Of course this was an upgrade if you consider that domain name he is currently using. (See below.)
I replied with a $10,000 price tag and I got this reply:
“That is honestly hilarious. Ok, Konstantinos – firstly the domain name is not *that* rare and valuable – and honestly, as if there aren’t thousands of other options out there I could choose for my design business for ten bucks.
So – in response – I am willing to pay no more than $100 (a ten time return on your initial investment I would say) including the escrow fee. And I’m only offering that because I’m a bit impressed with your chutzpah to actually ask for that ridiculous amount for a domain name. My offer is valid for 24 hours or else I’ll just go with one of the other domain names I’ve been considering. No hard feelings, no big problems for me at all.
I think you might be waiting many many years until you get an offer that good for this particular domain name.”
I bought the domain in 2011 in an auction so how is his $100 offer a ten time return is beyond me. Even if I had bought it $10 then I would have paid about $80 in renewals by now. I guess he is not familiar with domain renewals.

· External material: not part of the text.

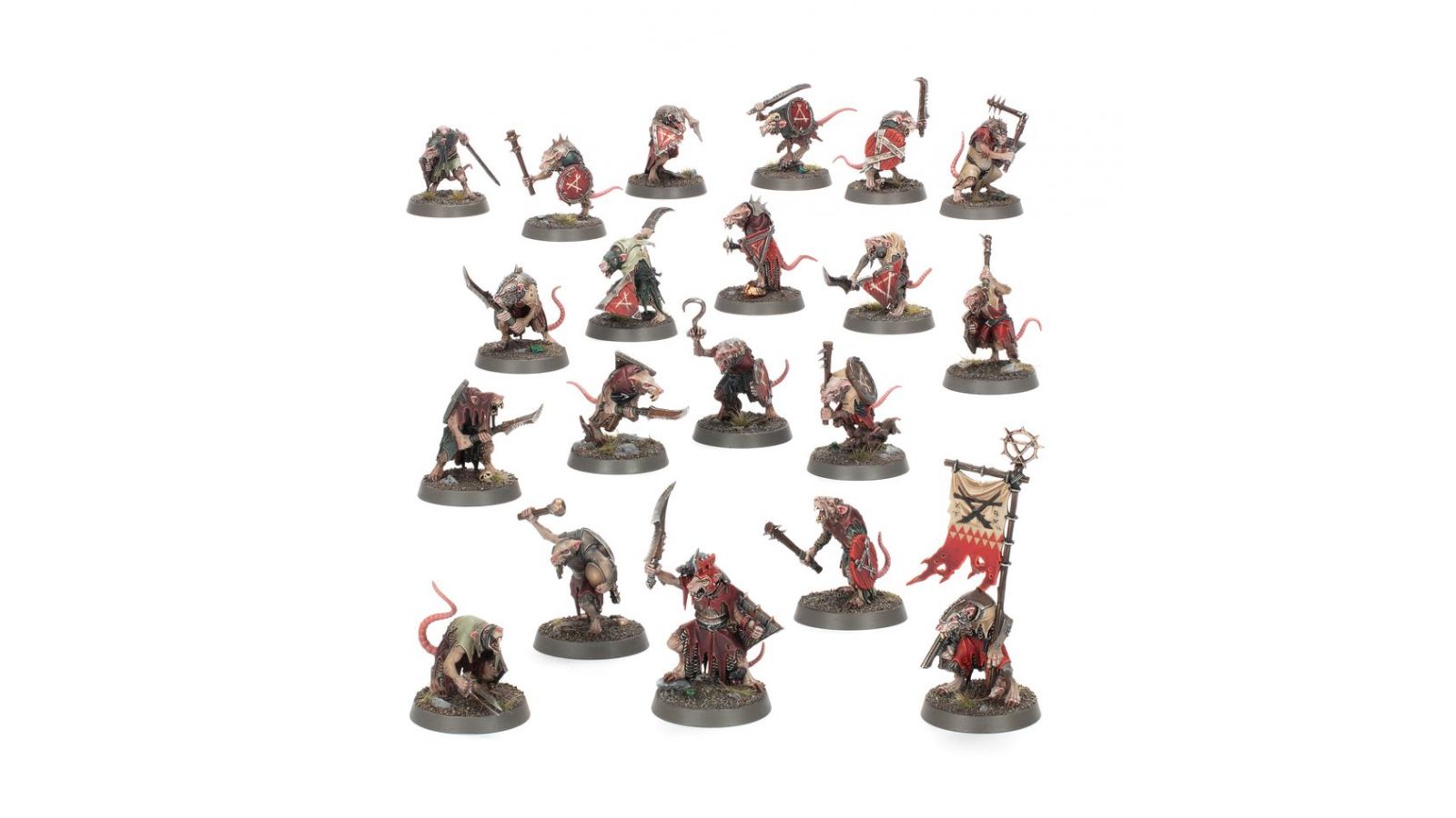 Ce kit en plastique permet d'assembler pas moins de 20 Rats des Clans, des guerriers médiocres mais qui constituent les hordes innombrables des Skavens. Leur assortiment d'armes rouillées leur permet de porter également un bouclier. Deux des 20 figurines peuvent être assemblées comme Champions. L'un d'eux dispose de trois options de tête, représentant les Clans Eshin, Pestilens et Verminus, et l'autre Champion a deux options: une pour les Clans Verminus et l'autre pour les Clans Skryre. Jusqu'à deux figurines peuvent être assemblées comme Porte-étendard, et deux autres peuvent représenter des Musiciens. Avec toutes les poses uniques, une grande variété d'armes et différents styles de boucliers, vos masses grouillantes auront l'apparence d'une nuée hétéroclite de rats galeux: parfait pour de grandes armées comptant plusieurs unités.

The escrow.com fee for a $100 transaction would be $10. That is the standard fee. The concierge fee has a $100 minimum.
And I am charged another $20 for escrow.com to send me an international wire transfer. So I am at about $10 in the hole by now.
Also the transaction would cost me an extra $150 at least. (various bank fees, paying for my accountant and my of course time)
That is before factoring in my acquisition cost and of course a healthy profit. So I would rather let the domain burn than sell it for $100.
I have actually sold 2 .us domain this August for $4,500 and $5,000. And the one he wanted was better than those 2.
I told him to go ahead and choose a $10 domain for his business like he said he would and also told him this:
“Actually your email address says a lot about your taste in domains.”
His email address was on a 2-word hyphenated .com.au domain. And the second word was “terrible”! Maybe his taste is getting better (by going after my domain… haha) but he knows very little about the cost and usage of domains.
I have many times considered not replying to inquiries coming from so blatantly bad domain names and days like this prove my instinct is correct. What do you think?
Yes, I know. The buyer could be looking to upgrade. But there are a lot of decent looking domain names sitting out there unregistered. Not great, but at least professional looking.